-- RECORDS PROVIDED follows --
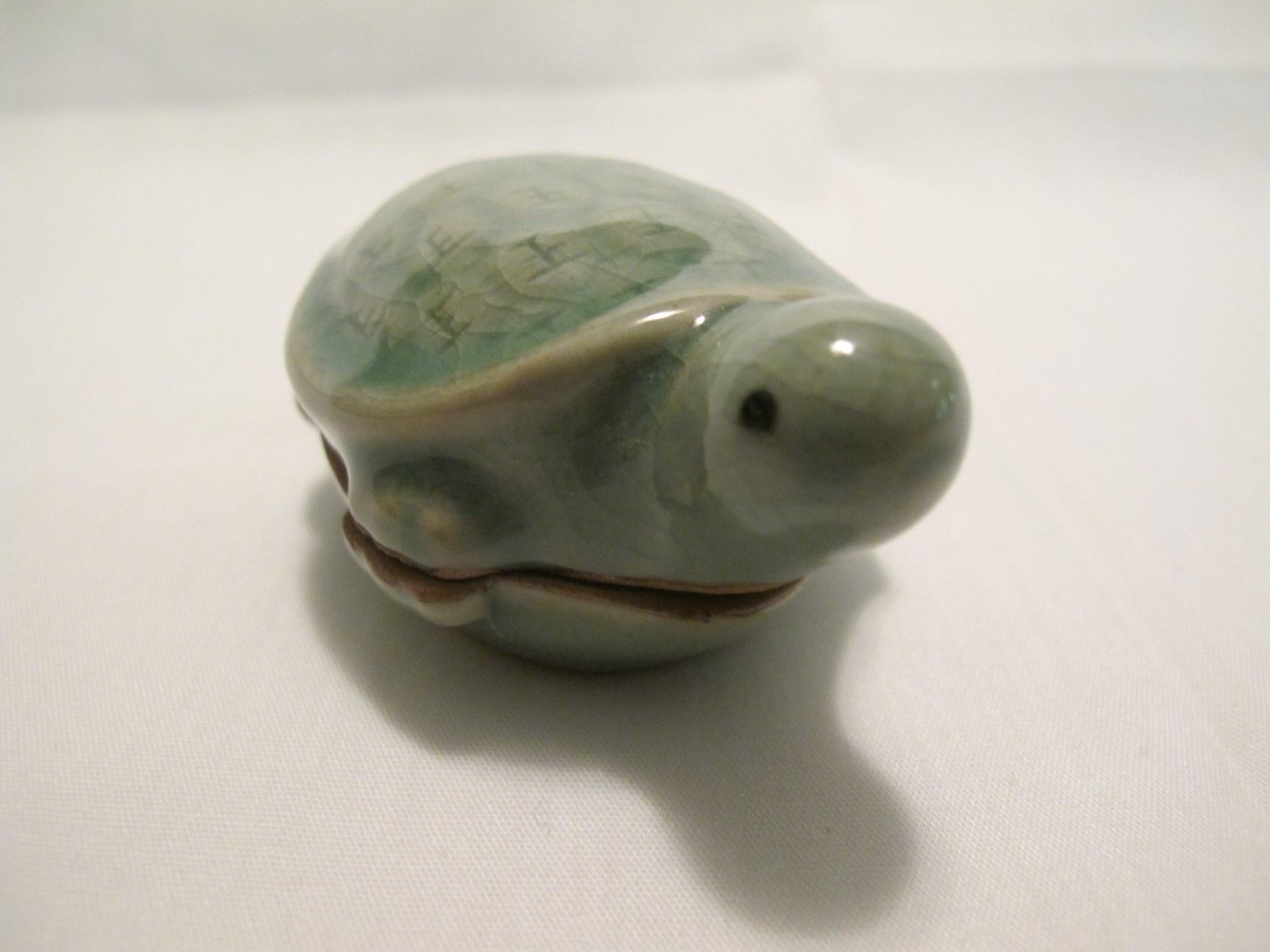 ANTIQUE PORCELAIN ASIAN TWO PIECE SMALL TURTLE TRINKET BOX SIGNED
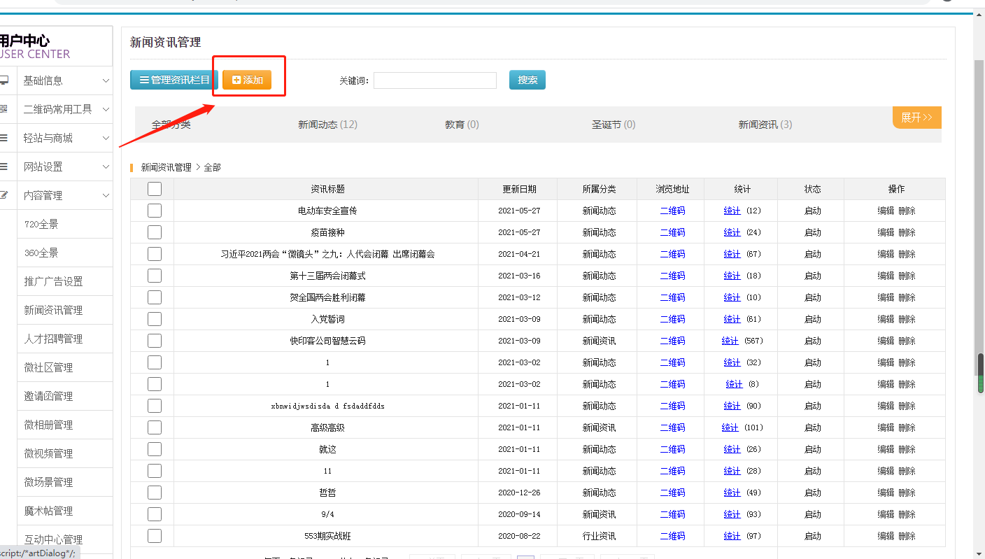 新聞資訊管理也稱之為美文系統,它可以將所有需要通過圖文信息展示的內容添加進去,從而生成相應的二維碼,掃碼后可轉發給朋友或朋友圈。
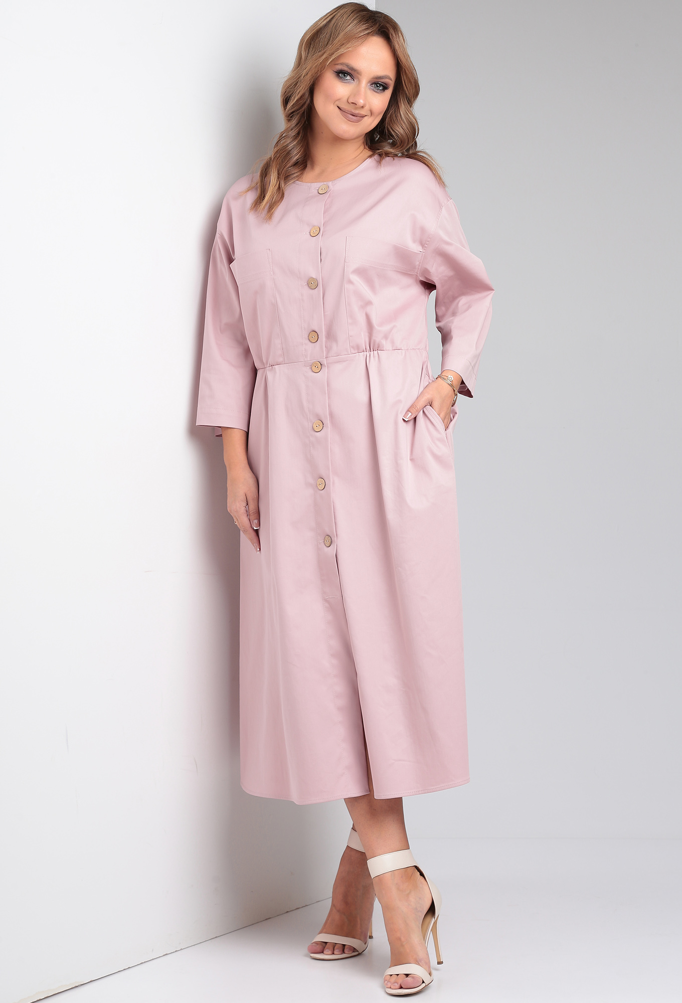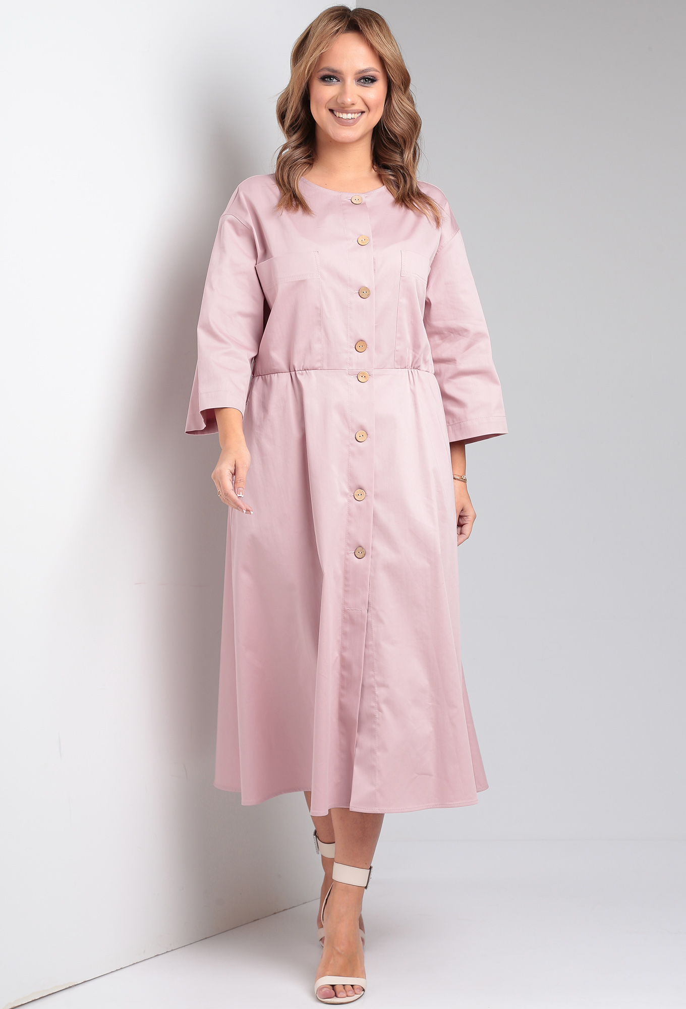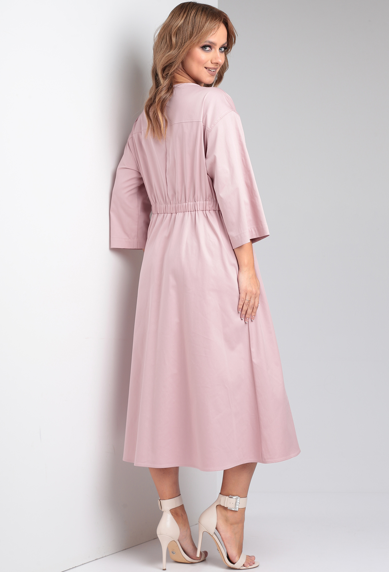 Модель: Твин 7699 розовый Рост: 1..показать64 см (рост модели на фото 170см) Сезон: Весна-Лето Тип ткани: Хлопок 98%, эластан 2%Платье женское Х-образного силуэта из однотонной легкой плательно-костюмной ткани с жемчужным блеском. Платье по линии талии отрезное, юбка расклешенная. По переду центральная застежка на петли-пуговицы, накладные карманы в верхней части, горловина округлой формы. По спинке кокетка, по талии кулиса с широкой резинкой. Рукав втачной на углубленной пройме и спущенной линией плеча.
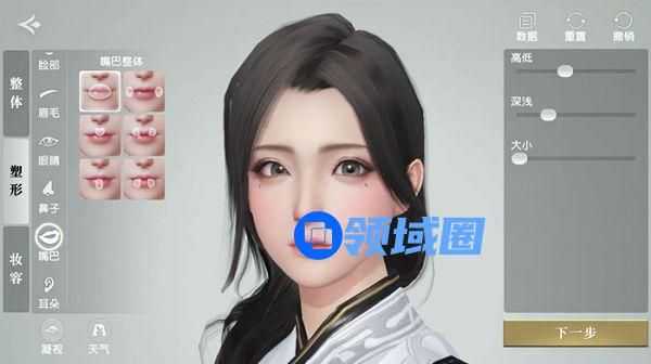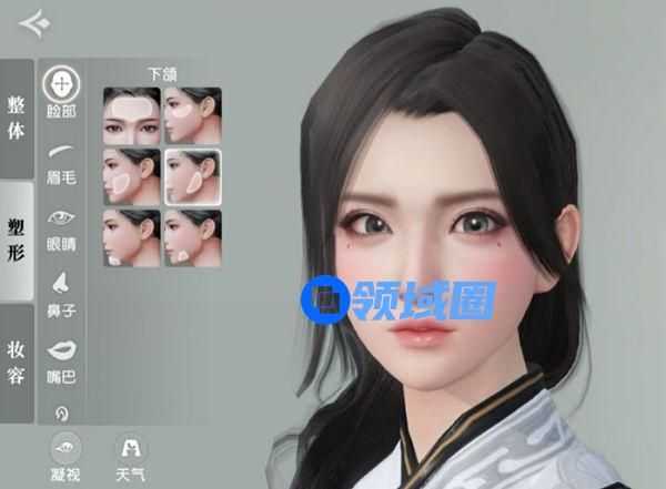可以看到,在【塑形】界面,从脸部到五官,都可供自由调节。独特细致的捏脸系统,如果能够熟练上手的话,可以最大化地打造出你心中最美的样子哟!
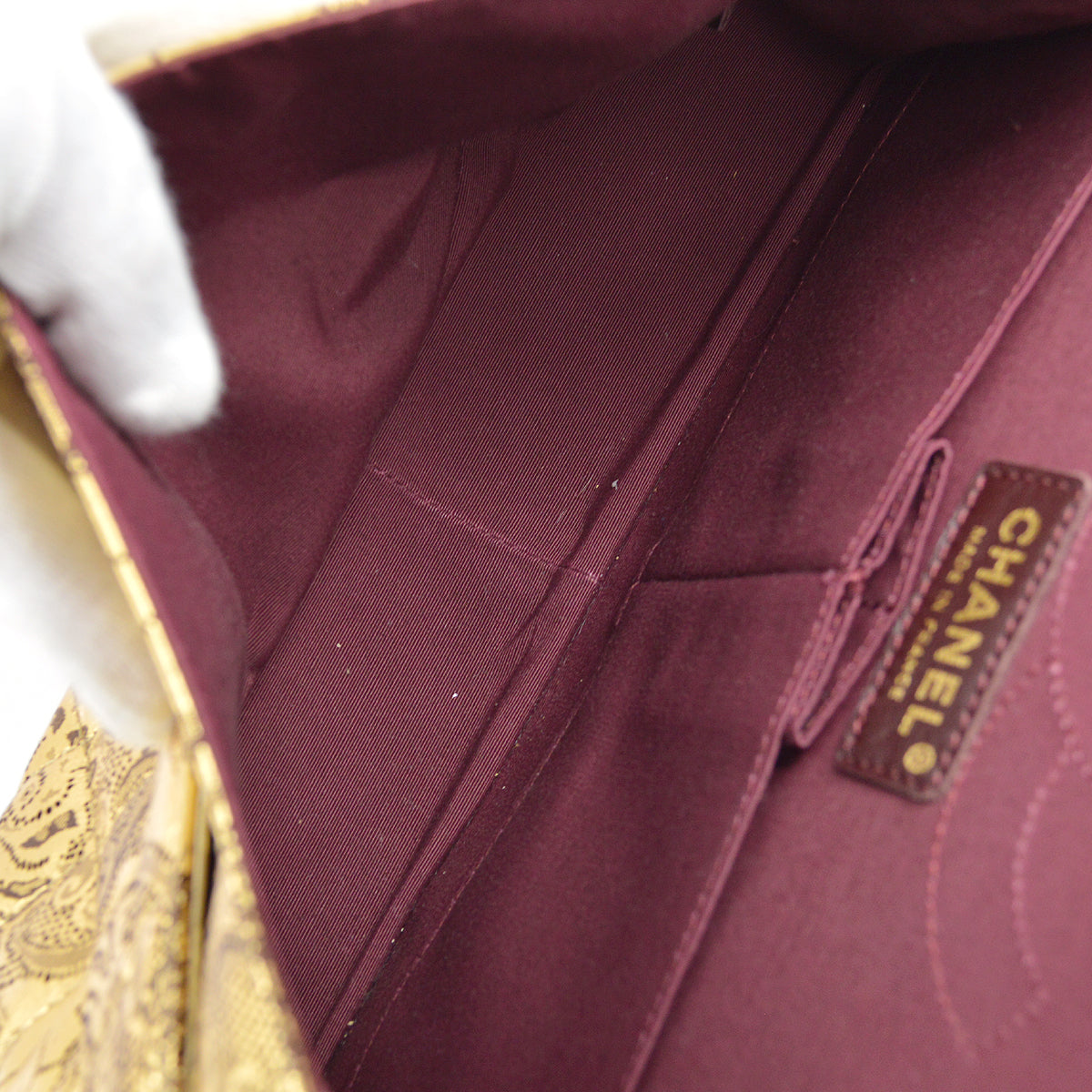 Chanel Gold Lambskin Paris-Moscow 2.55 Double Flap Shoulder Bag Engraved / Number 129***** Pocket Outside: Pocket x1
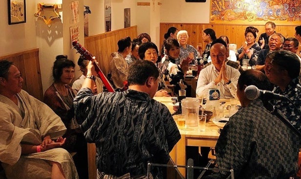 そう言って流しをスタートすると、腕を組んだ男性が、歌えるもんなら歌ってみろとでも言うように大きく声を上げました。
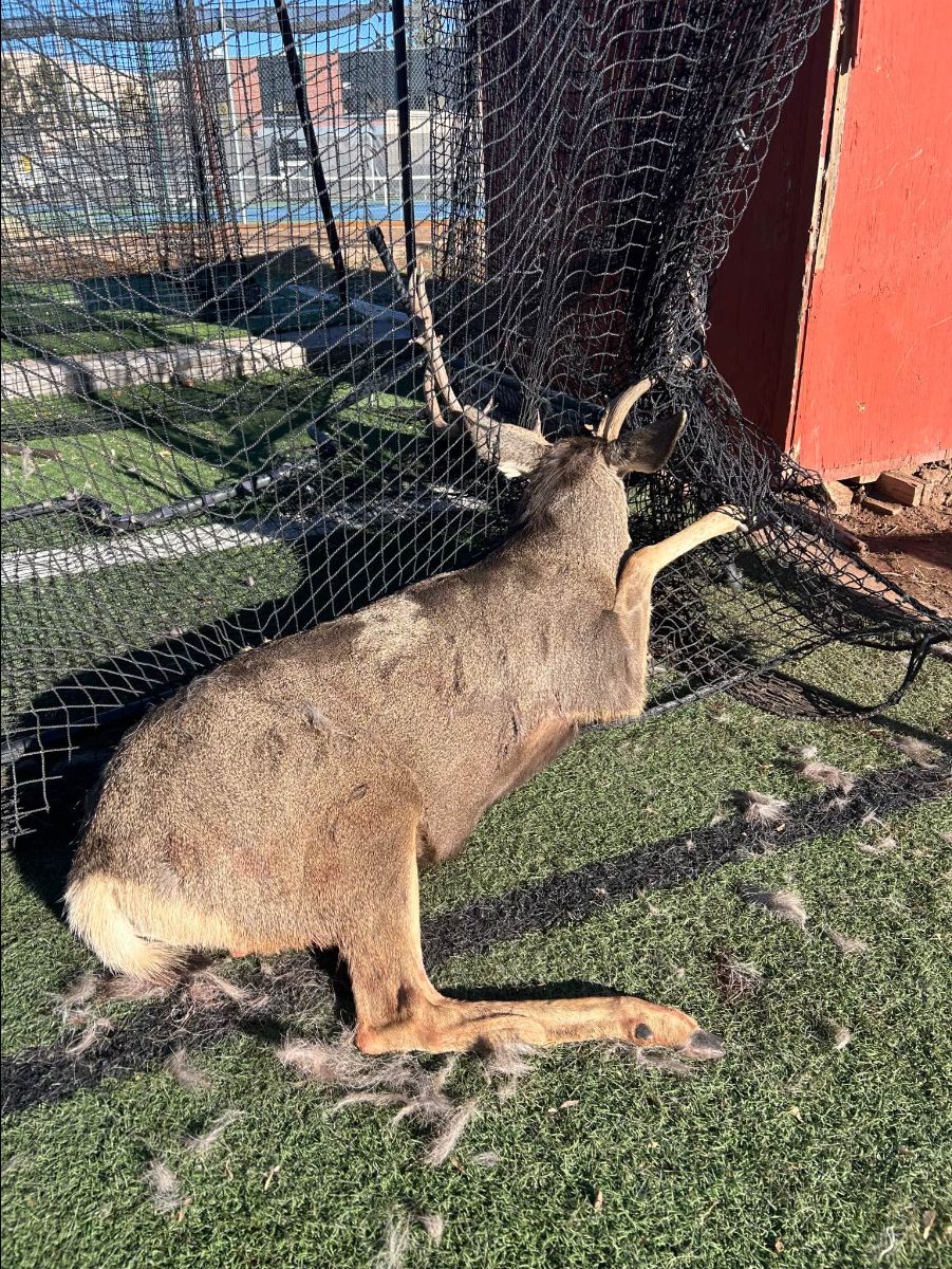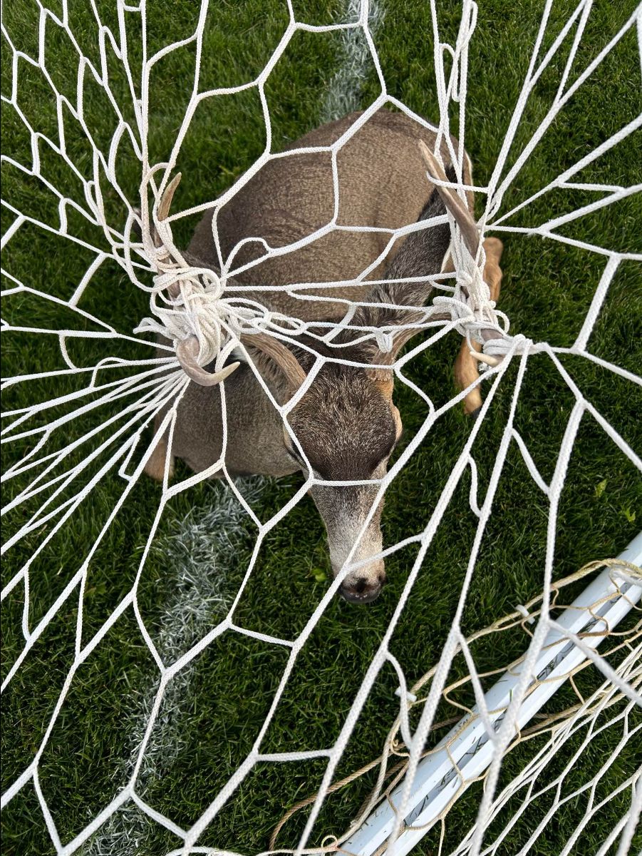 Pictured in the Gallery Below: Mule deer bucks have recently been tangled in soccer goals and batting cage netting in Durango. Both bucks pictured were tranquilized so wildlife officers could cut away the netting and set the deer free.
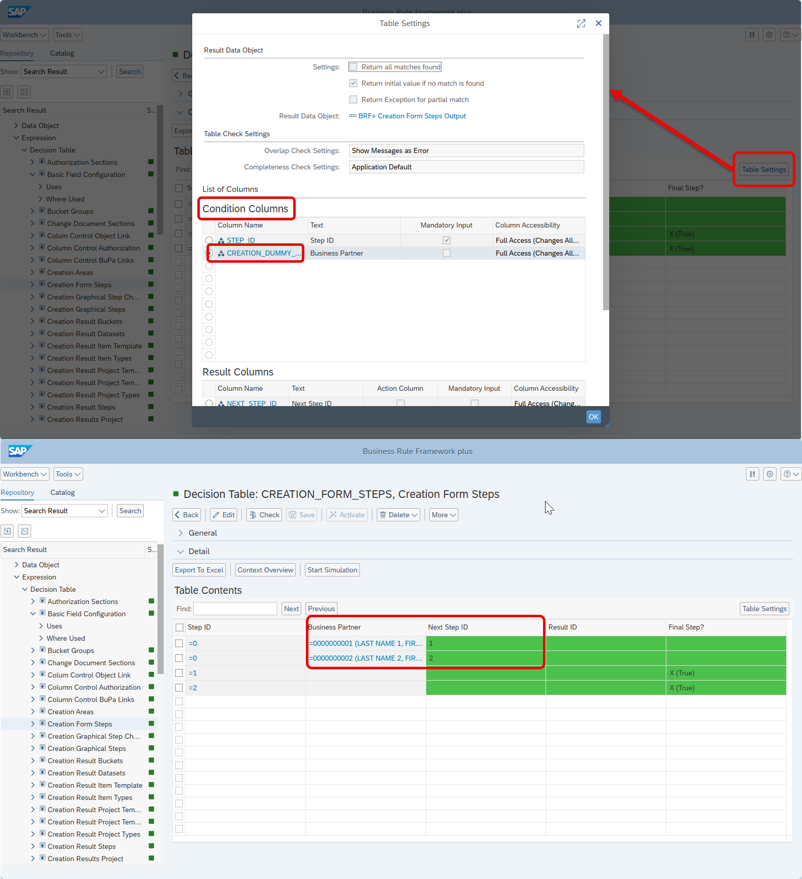Structure: Custom Inputaccording to Custom Input: Adding Custom Condition Columns to a BRF+ Decision Table. - Customize Result Columns according to your logic. As the example below shows, different Business Partner choices lead to different next steps.
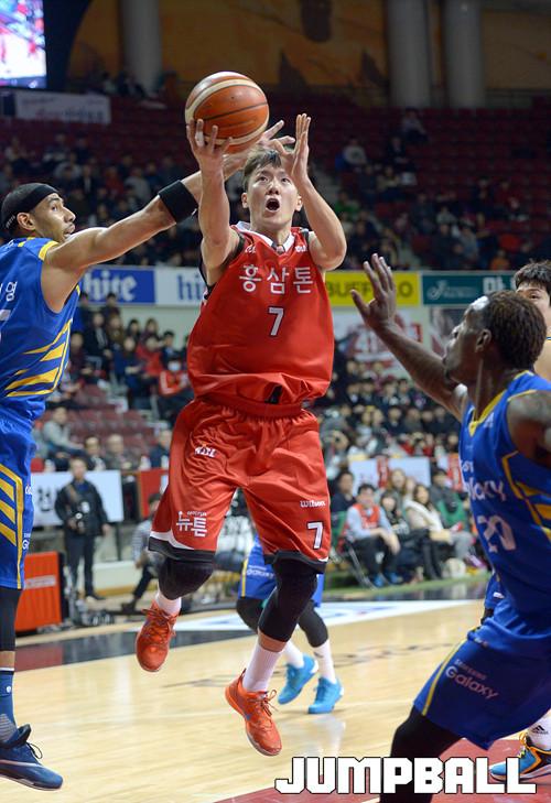 25일 안양 실내체육관에서 열린 '2015-2016 KCC 프로농구' 6강 플레이오프 안양 KGC 와 서울 삼성 의 1차전 경기, KGC 박찬희가 삼성 문태영의 수비를 제치고 골밑슛을 시도하고있다.
-- RECORDS PROVIDED concluded --
> **TASK INSTRUCTIONS**: Every record above must be copied exactly, and no picture may appear in the copy.

> **COMPLETED EXERCISE**:
 ANTIQUE PORCELAIN ASIAN TWO PIECE SMALL TURTLE TRINKET BOX SIGNED
 新聞資訊管理也稱之為美文系統,它可以將所有需要通過圖文信息展示的內容添加進去,從而生成相應的二維碼,掃碼后可轉發給朋友或朋友圈。
 Модель: Твин 7699 розовый Рост: 1..показать64 см (рост модели на фото 170см) Сезон: Весна-Лето Тип ткани: Хлопок 98%, эластан 2%Платье женское Х-образного силуэта из однотонной легкой плательно-костюмной ткани с жемчужным блеском. Платье по линии талии отрезное, юбка расклешенная. По переду центральная застежка на петли-пуговицы, накладные карманы в верхней части, горловина округлой формы. По спинке кокетка, по талии кулиса с широкой резинкой. Рукав втачной на углубленной пройме и спущенной линией плеча.
可以看到,在【塑形】界面,从脸部到五官,都可供自由调节。独特细致的捏脸系统,如果能够熟练上手的话,可以最大化地打造出你心中最美的样子哟!
 Chanel Gold Lambskin Paris-Moscow 2.55 Double Flap Shoulder Bag Engraved / Number 129***** Pocket Outside: Pocket x1
 そう言って流しをスタートすると、腕を組んだ男性が、歌えるもんなら歌ってみろとでも言うように大きく声を上げました。
 Pictured in the Gallery Below: Mule deer bucks have recently been tangled in soccer goals and batting cage netting in Durango. Both bucks pictured were tranquilized so wildlife officers could cut away the netting and set the deer free.
Structure: Custom Inputaccording to Custom Input: Adding Custom Condition Columns to a BRF+ Decision Table. - Customize Result Columns according to your logic. As the example below shows, different Business Partner choices lead to different next steps.
 25일 안양 실내체육관에서 열린 '2015-2016 KCC 프로농구' 6강 플레이오프 안양 KGC 와 서울 삼성 의 1차전 경기, KGC 박찬희가 삼성 문태영의 수비를 제치고 골밑슛을 시도하고있다.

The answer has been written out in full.